For such purpose, we integrate a lock owner and a lock depth field on the
superblock information structure.
The first axis on this patch is to turn reiserfs_write_(un)lock() function
into a wrapper to manage this mutex. Also some explicit calls to
lock_kernel() have been converted to reiserfs_write_lock() helpers.
The second axis is to find the important blocking sites (schedule...(),
wait_on_buffer(), sync_dirty_buffer(), etc...) and then apply an explicit
release of the write lock on these locations before blocking. Then we can
safely wait for those who can give us resources or those who need some.

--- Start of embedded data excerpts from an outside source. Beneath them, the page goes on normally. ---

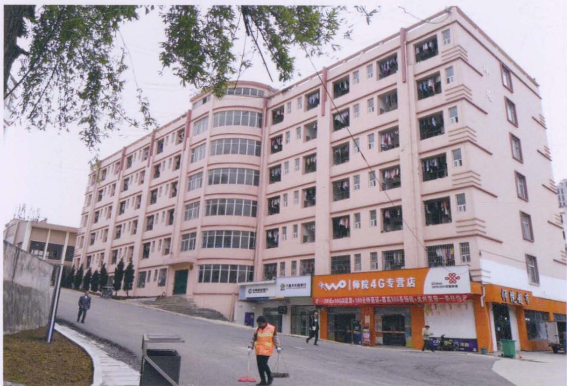
▼ 2008 年时的学生宿舍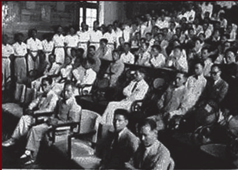
>> Hồ Chủ tịch dự Lễ khai giảng của Trường Đại học Đông Dương (nay là ĐHQGHN)

"THỰC TIỄN PHÁT TRIỂN GẦN 20 NĂM QUA CỦA HAI ĐHQG, ĐẶC BIỆT LÀ CỦA ĐHQGHN LÀ NHỮNG MINH CHỨNG HỮNG HỒN CHO THẤY ĐÂY LÀ NHỮNG QUYẾT ĐỊNH HOÀN TOÀN ĐÚNG ĐẮN CỦA ĐẢNG VÀ CHÍNH PHỦ, VỪA KẾ TỤC TƯ DUY, TÁM NHÌN CHIẾN LƯỢC CỦA CHỦ TỊCH HỒ CHÍ MINH, VỪA PHÙ HỢP VỚI YÊU CẦU KHÁCH QUAN CỦA ĐẤT NƯỚC VÀ THỜI ĐẠI."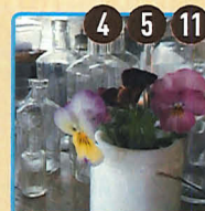
暮らしの古道具 おのや 文徳元年(1501年)515年前に山寺で創業した古道具屋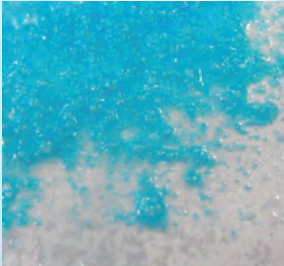
BLEU FONCÉ (COCAÏNE HCL)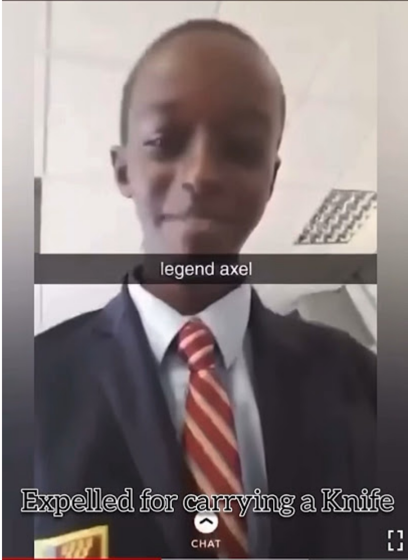
#Axel #Muganwa #Rudakubana the #Southport Killer. Known to Police. #britain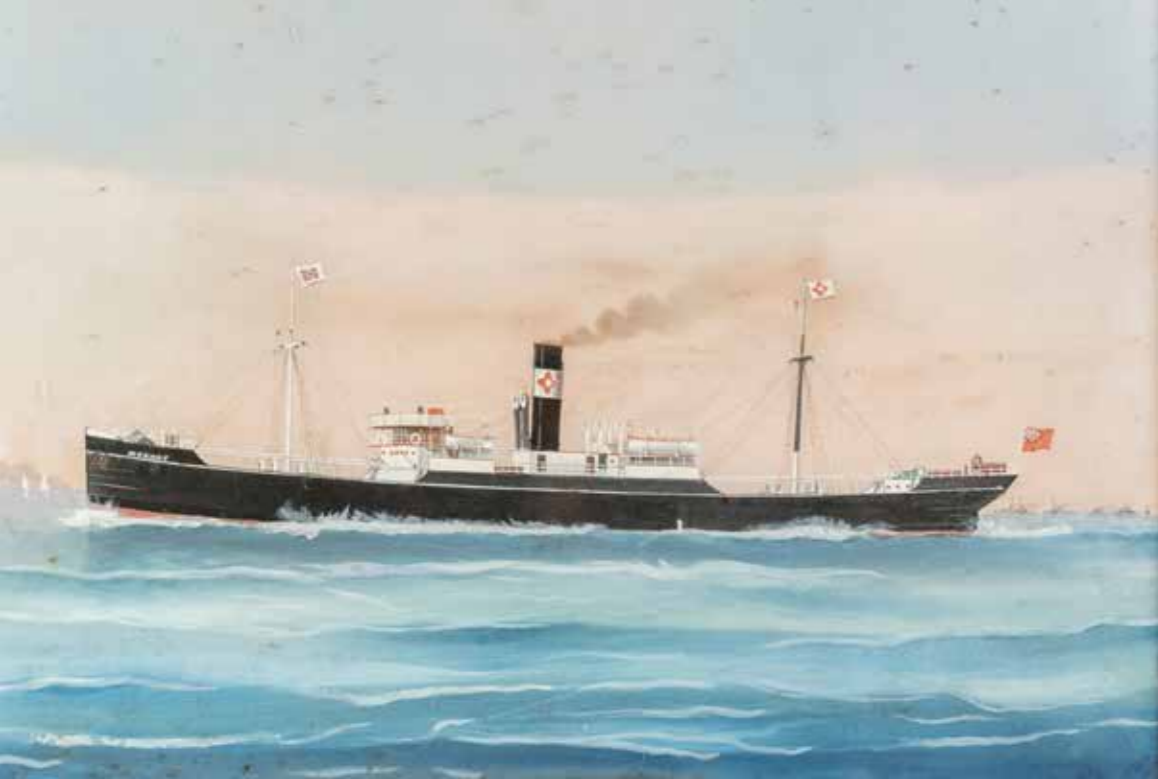
Sopra, la nave a vapore Mozart in mare calmo, gouache su carta, 1890 circa, 59,5x40 cm. Qui accanto: Jacopo Zucchi (c. 1542 – 1596), Trionfo di Nettuno, olio su tela, 39 x 61 cm. A destra: la Nave a vapore Mozart in mare calmo, Gouache su carta, 1890 ca., 59,5x40 cm. in basso la copertina del libro Sognare il mare cui è dedicato questo articolo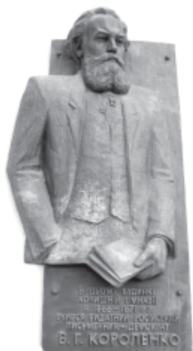
Меморіальна дошка на приміщенні Рівненського обласного краєзнавчого музею.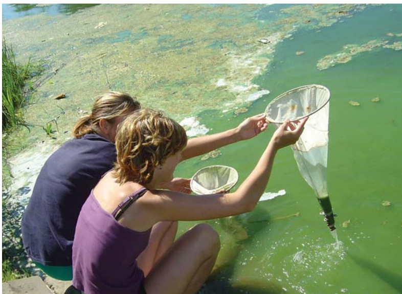
Toksisko zilaļģu ziedēšana Lielajā Baltezerā 2006. gada augustā.

Toksisko zilaļģu „ziedēšana” Latvijas ezeros un ūdenskrātuvēs, kā arī Rīgas līcī tiek novērota katru gadu, taču tās intensitāte ir atšķirīga. Piemēram, 2000.-2001. gados tikai divos no Latvijas Vides Aģentūras apsekotajiem 40 ezeriem tika konstatēta izteikta toksisko zilaļģu „ziedēšana”, bet 2002. gadā intensīva „ziedēšana” reģistrēta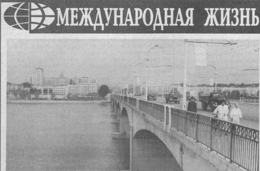
Пхеньян. Вид на центр города с правого берега реки Тэдонган.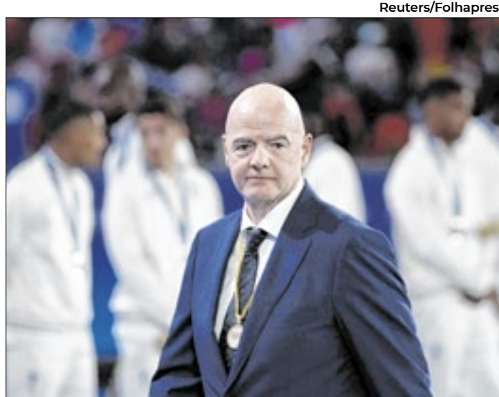
Calendário sobrecarregado da FIFA vem sendo criticado

A filial europeia do FIFPro (Federação Internacional das Associações de Jogadores de Futebol Profissionais), as ligas europeias reunidas e a liga espanhola (LaLiga) disseram, em evento em Bruxelas, que a entidade reguladora do futebol mundial “abusa de um evidente conflito de interesses” ao ser “órgão regulador e, ao mesmo tempo, organizador de competições”, em violação do direito europeu.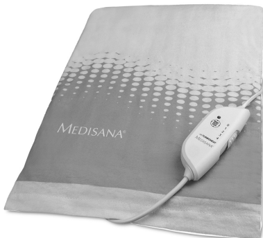
HP 605 Art. 61147

Θερμαινόμενο μαξιλάρι πλάτης και αυχένα HP 610 με κάλυμμα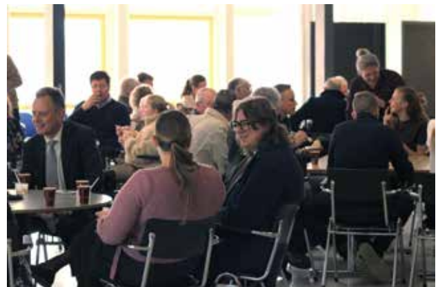
Een gezellig en samenbindend samenzijn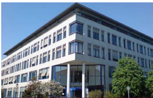
Löscherstraße 16 • 01309 Dresden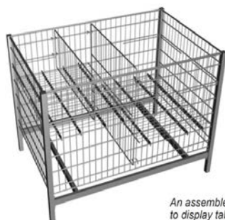
An assembly to display table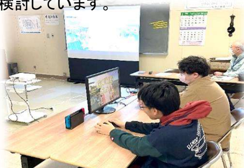
大人との闘いもありました！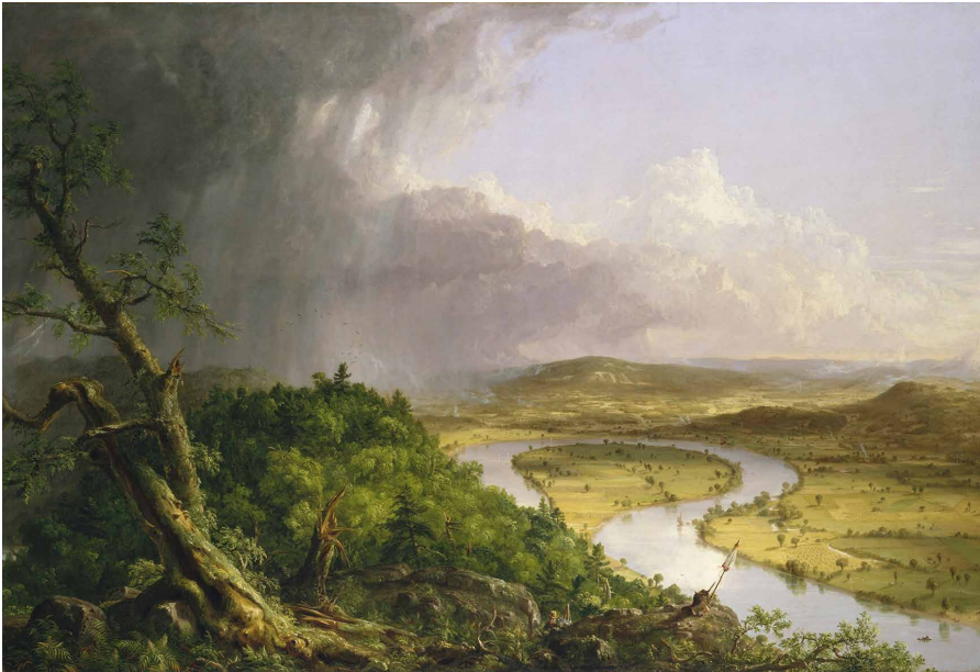
Afbeelding: Thomas Cole, Uitzicht vanaf Mount Holyoke, Northampton, Massachusetts, na het onweer—The Oxbow , 1836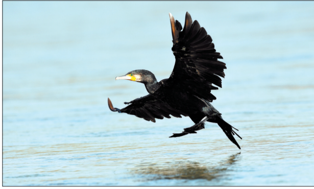
看！这降落的姿势优美吧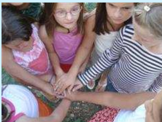
Radionice na temu dječijih prava u Bijeloj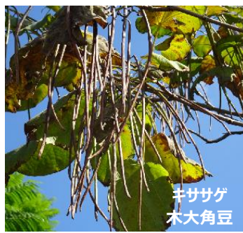
キササゲ 木大角豆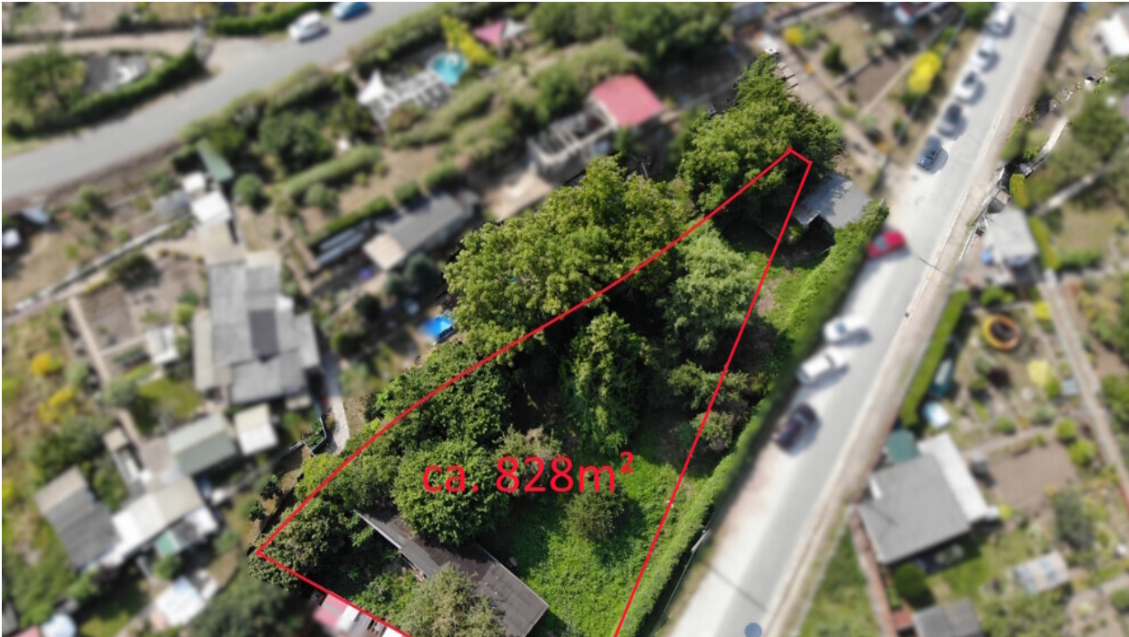
Blick auf das Grundstück – großzügige Fläche für Ihr zukünftiges Zuhause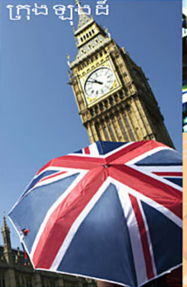
ក្រុងឡុងដ៍

ជួបជុំគ្នាញ៉ាំអាហារពេលល្ងាចតាមបែបត្រួសារ ជំរកកំសាន្តសប្បាយជាមួយគ្នារហូតដល់ពាក់កណ្តាលអធ្រាត្រ គឺជាទំនៀមទំលាប់ប្រពៃណីនៃការប្រារព្ធពិធីបុណ្យចូលឆ្នាំថ្មីនៅប្រទេសអេស្ប៉ាញ ទីក្រុងម៉ាឌ្រីដដែលត្រូវបានប្រជាជនរក្សាទាំងពីរបុរាណកាលរហូតមកដល់ពេលបច្ចុប្បន្ន ។ ការរង់ចាំរហូតដល់ពាក់កណ្តាលអធ្រាត្រនេះ គឺរង់ចាំស្គរសំលេង កណ្តឹងទាឡិកាហោម ។ មនុស្សទាំងអស់ត្រូវស្តាប់កាំត្រូវឮរំលោភទាំងបាញ់ជូរជូរបាន 12 ផ្លែ ។ ទាឡិកាហោមមួយប៉ុន្មានផ្លែ ញ៉ាំរហូតទាល់តែអស់ 12 ផ្លែ ទើបទទួលបាននូវភាពសុខសប្បាយនៅឆ្នាំថ្មីបន្ទាប់ពីនោះមកទើបម្នាក់ៗអាចទាំគ្នាទេញទៅកំសាន្តនៅខាងក្រៅបាន ។ នេះគឺជាទំនៀមទំលាប់មួយ ដែលមានលក្ខណៈខុសប្លែកពីគេ ។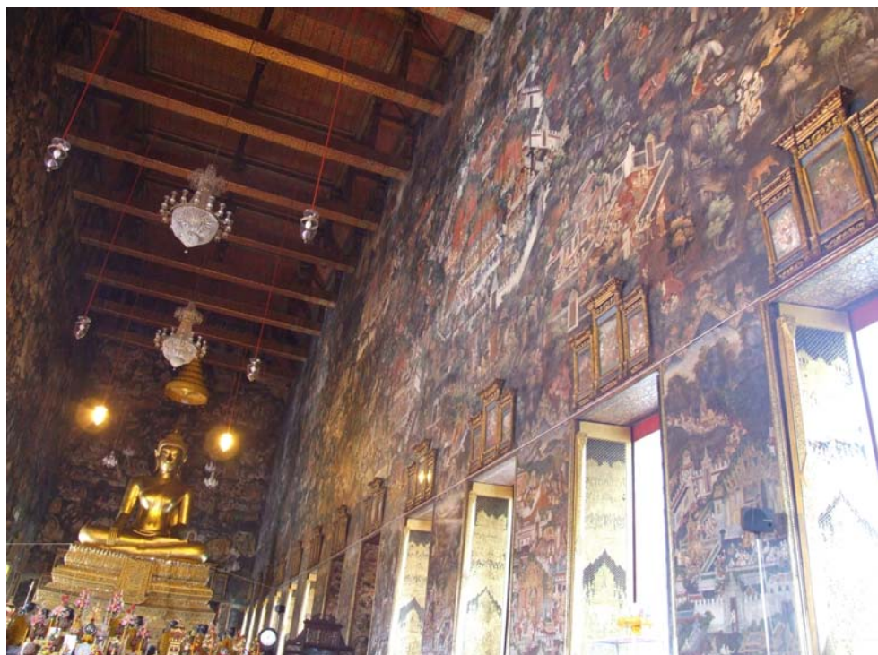
ภาพพระป้อนเจกพุทธเจ้า จากจิตรกรรมฝาผนังด้านขวา ในพระอุโบสถ และภาพจิตรกรรมประกอบบานหน้าต่าง วัดสุทัศนเทพวราราม ราชวรมหาวิหาร กรุงเทพมหานคร (ถ่ายเมื่อวันที่ ๒๕ ธันวาคม ๒๕๕๒)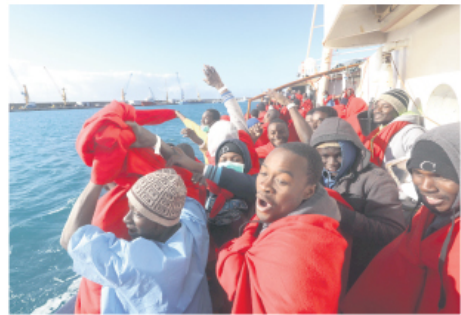
Више од милион избеглица с Блиског истока и из Африке се 2015. године домогло „фамилије“, махом преко Балкана

Дахла (Мароко) – Више од 180.000 Италијана напустило је лане доминичку да своју будућност траже негде другде. У економску миграцију, трбухом за крухом, ти Италијани отишли су легално, с пасошима. Када исти такав покрет – из оскулице и економског безања, ка замислионом бољем животу – учине хиљаде Африканаца, на Медитерану и широм Европе диже се узбуна. Туђи ратни боловама распоређују се ка јужним обалама Средоземља, стручајци за затварање граница нуде се у Сахари, док се Европљани код куће опасују зидовима као у средњем веку. Зашто Европљани могу тако лако задику снагу и траже нове животне адресе, а Африканцима се иста могућност ускраћује на свакојак, па и бруталне начине? Како је таква дискриминација могућа у 21. веку – питао се прошле суботе учесник међународне дебате у Дахли, на југу Марока, током трећег Кран Монтана форума о Африци.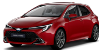
3U5 Červená – karmínová Špeciálny lak, 950 €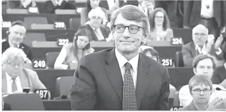
David Maria Sassoli

L iepos 3-ąją Strasbūre į plenarinį posėdį pirmą kartą susirinkęs naujosios sudėties Europos Parlamentas (EP) išsirinko naują vadovą. EP pirmininku dviejų su puse metų kadencijai išrinktas italas David Maria Sassoli. Tuo ypač didžiavosi italai ir stebėti inauguracinės sesijos susirinkę žiniasklaidos atstovai. Mat D.Sassoli yra ilgametis žurnalistas.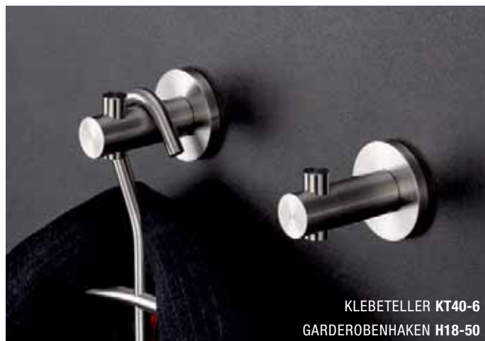
KLEBETELLER KT40-6 GARDEROBENHAKEN H18-50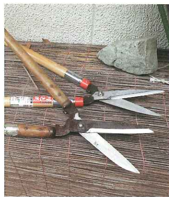
新品同様になった刈込鋏

仕上げは「何万丁も仕上げた」のベテランが、刃先を見ながら小さいハンマーで何回も刃を叩いての咬み合わせの調整です。新品同様になりました。 10月19・20日に開催された産業フェスティバルにもブースを出されました。次ぎ次ぎと包丁や剪定鋏を研ぎに持ってこられました。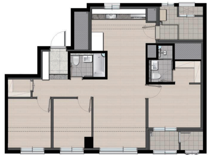
대표 주택형(59A Type)의 평면도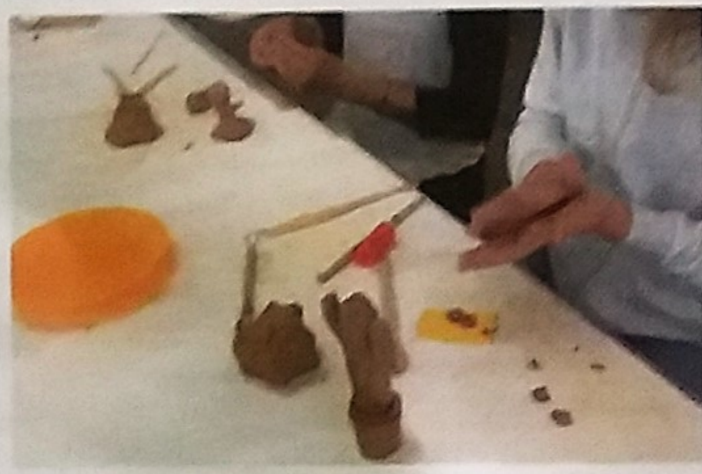
Plastisches Gestalten mit Ton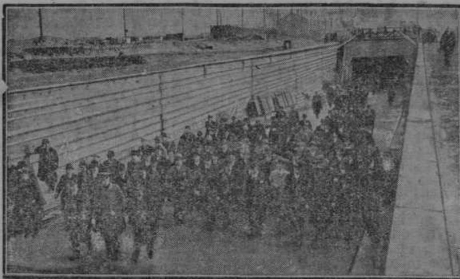
Otvoritev 2100 m dolgega in 6.75 m širokega tunela pod reko Schelde v mestu Antwerpen. Predor je otvoril belgijski kralj z ministri.

Če ne jemljemo v misel graščine Staretove, je bilo Colnarjevo posestvo najlepše in največje v Podbregu. Štiristo juter polja, travnikov in gozda, sto hektarjev torej. Lep, skoraj gospodski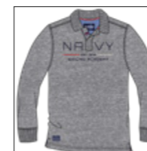
RF 89 grey mel. ID: 20835

Typically this is a fight between the current writer, the reiserfs workqueue
(aka the async commiter) and the pdflush threads.
The third axis is a consequence of the second. The write lock is usually
on top of a lock dependency chain which can include the journal lock, the
flush lock or the commit lock. So it's dangerous to release and trying to
reacquire the write lock while we still hold other locks.
This is fine with the bkl:
T1 T2
lock_kernel()
mutex_lock(A)
unlock_kernel()
// do something
lock_kernel()
mutex_lock(A) -> already locked by T1
schedule() (and then unlock_kernel())
lock_kernel()
mutex_unlock(A)
....
This is not fine with a mutex:
T1 T2
mutex_lock(write)
mutex_lock(A)
mutex_unlock(write)
// do something
mutex_lock(write)
mutex_lock(A) -> already locked by T1
schedule()
mutex_lock(write) -> already locked by T2
deadlock
The solution in this patch is to provide a helper which releases the write
lock and sleep a bit if we can't lock a mutex that depend on it. It's another
simulation of the bkl behaviour.
The last axis is to locate the fs callbacks that are called with the bkl held,
according to Documentation/filesystem/Locking.
Those are:
- reiserfs_remount
- reiserfs_fill_super
- reiserfs_put_super
Reiserfs didn't need to explicitly lock because of the context of these callbacks.
But now we must take care of that with the new locking.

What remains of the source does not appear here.